I am looking for a photo editing program that will let me change some of the text in my logo, I tried Gimp but cant get the thing to work, is there some thing else out there that is free, I only want to mess around and add our website, fb page and email address.
i am not good at figuring these things out so the easier the better for me.


----------



## @townpainter (Feb 23, 2013)

cdpainting said:


> I am looking for a photo editing program that will let me change some of the text in my logo, I tried Gimp but cant get the thing to work, is there some thing else out there that is free, I only want to mess around and add our website, fb page and email address.
> i am not good at figuring these things out so the easier the better for me.


Hey,
I'm a painter / graphic designer ... Long story  If u want to email the original files, or hi res i'll sort it for u no problem. 

T: @townpainters


----------



## RCP (Apr 18, 2007)

Skitch is good

So is Snagit, but it isn't free, although you can get a 30 day free trial.

You can also edit in Picasa  or a browser extension like Annotate

I think Skitch would be best for your case.


----------



## daArch (Mar 15, 2008)

Dave,

a TOP notch photo editing program that I use is Paint Shop Pro v 7.00.

It's like *so* old it is now a "legacy" program and apparently available for free:

http://www.oldapps.com/Paint_Shop_Pro.php?old_paint_shop_pro=7

I got my version very many years ago and can not guarantee this download I just found is viable.
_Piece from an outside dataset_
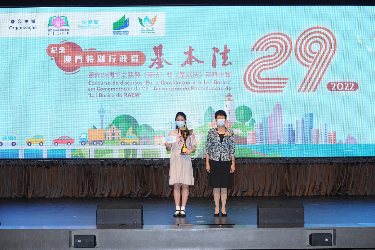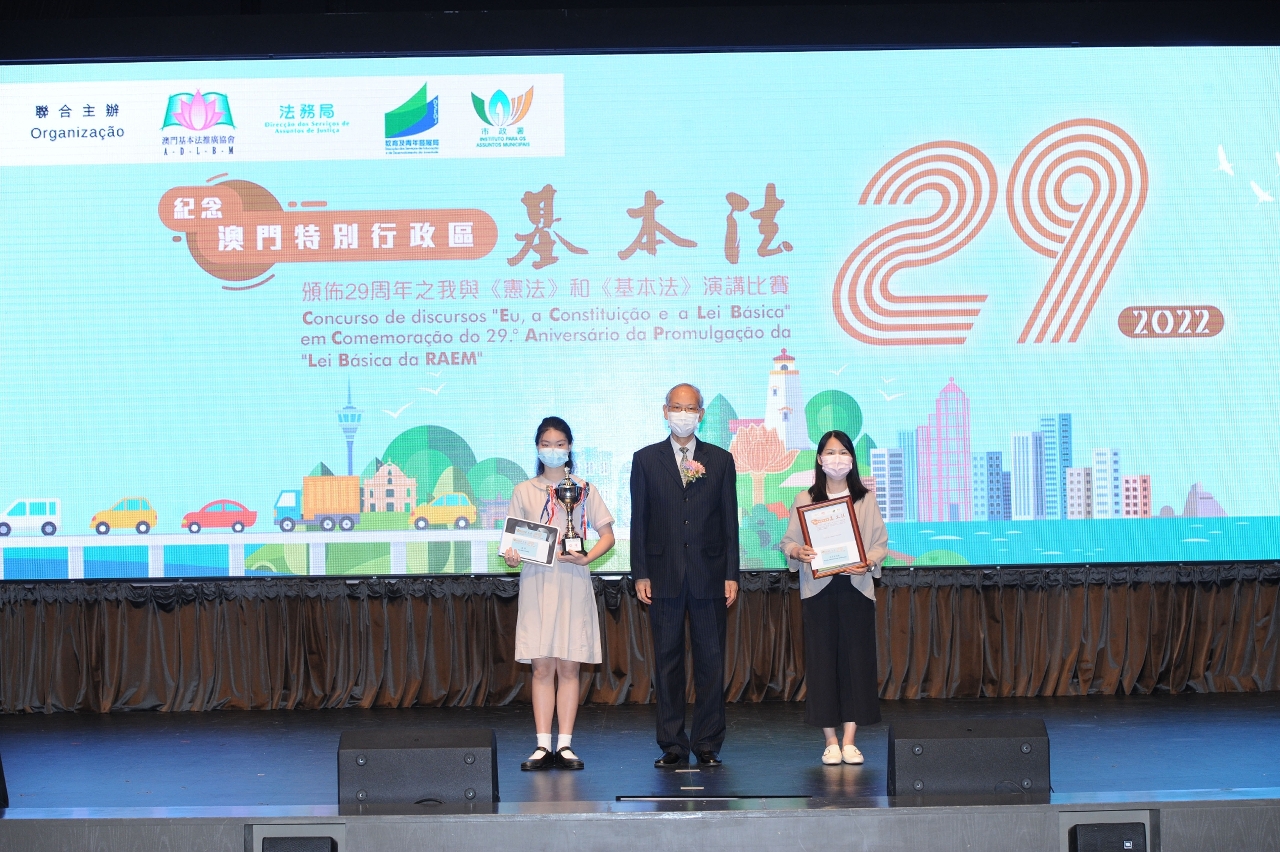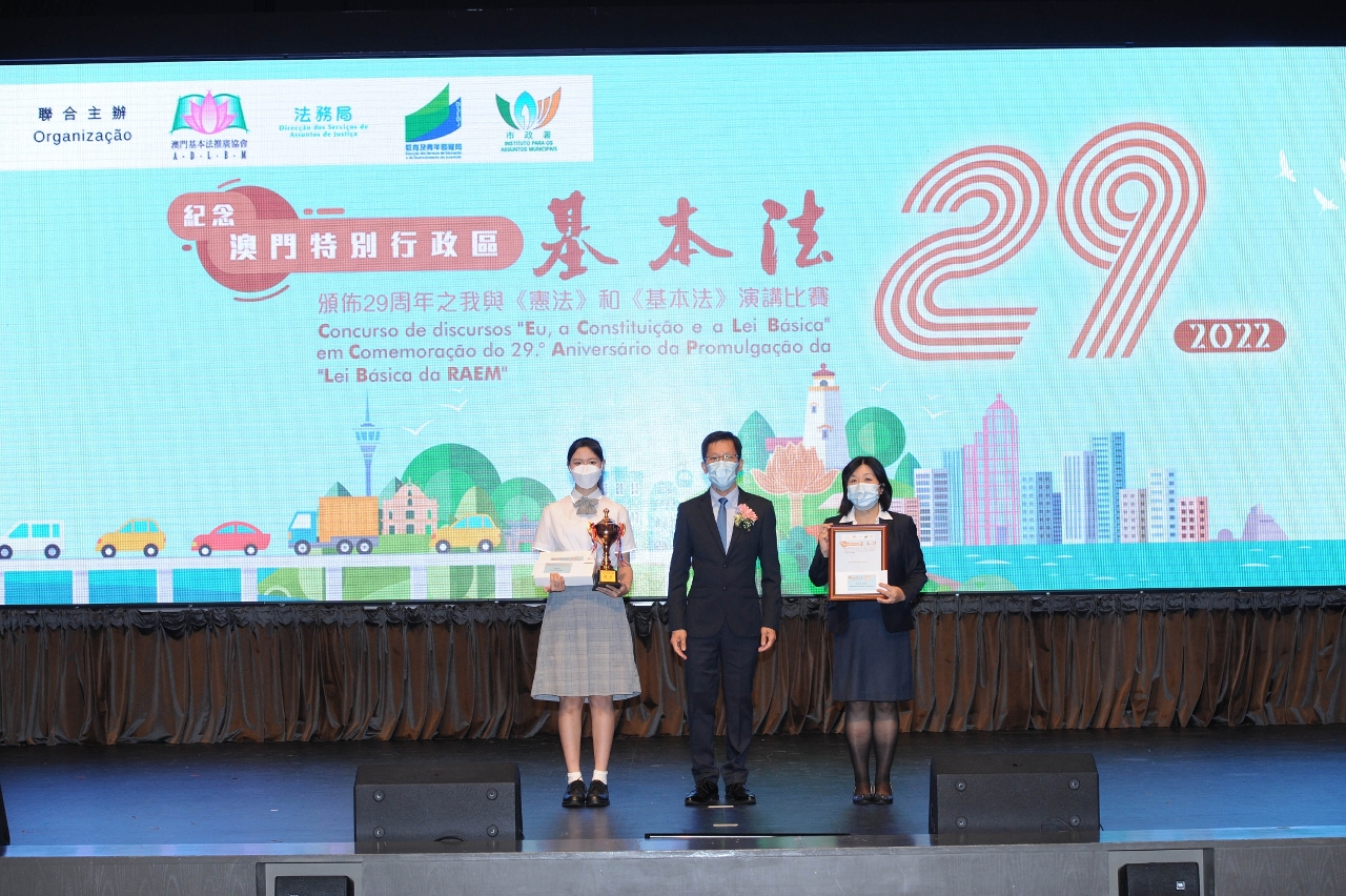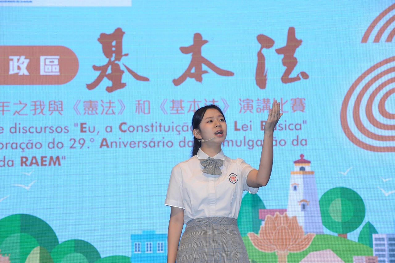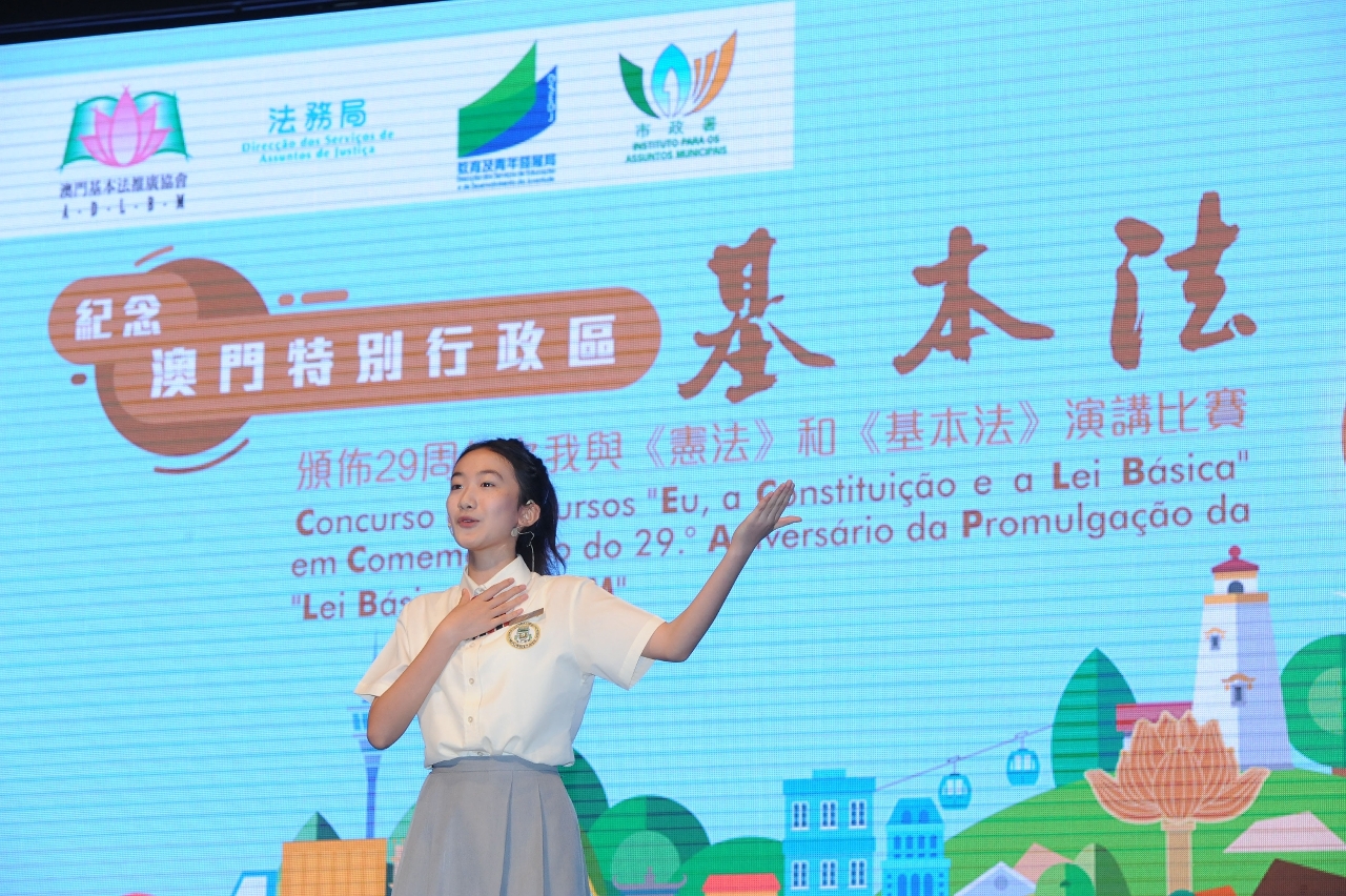 為持續向青年學生推廣《憲法》和《基本法》,澳門基本法推廣協會、法務局、教育及青年發展局、市政署聯合主辦的 “紀念《澳門特別行政區基本法》頒佈29周年之我與《憲法》和《基本法》演講比賽”決賽已於5月15日在聖保祿學校禮堂順利舉行。為配合防疫工作,減少人群聚集,今次比賽縮減了現場規模,並增設了網上直播功能,讓老師、同學可以透過網上直播為參賽同學打氣。

But it's a very complete program and may be worth the try.

Later versions were not as good.


----------



## Epoxy Pro (Oct 7, 2012)

Bill, just what I needed thank you I figured it out pretty easy.


----------



## daArch (Mar 15, 2008)

cdpainting said:


> Bill, just what I needed thank you I figured it out pretty easy.


I am very happy it worked.

There is a learning curve, but not even close to that of Photoshop. 

I hope you find it as ideal as I have.


----------



## Epoxy Pro (Oct 7, 2012)

It was perfect, I wanted to move stuff around on our logo and the red that program has was ease to match up, lot of different text styles to choose from, it took me around 2 minutes to figure it out. I usually don't use these, I had one a while back but reformatted mypc recently and fogot to save it. I already put this Dl into my back up HD.


----------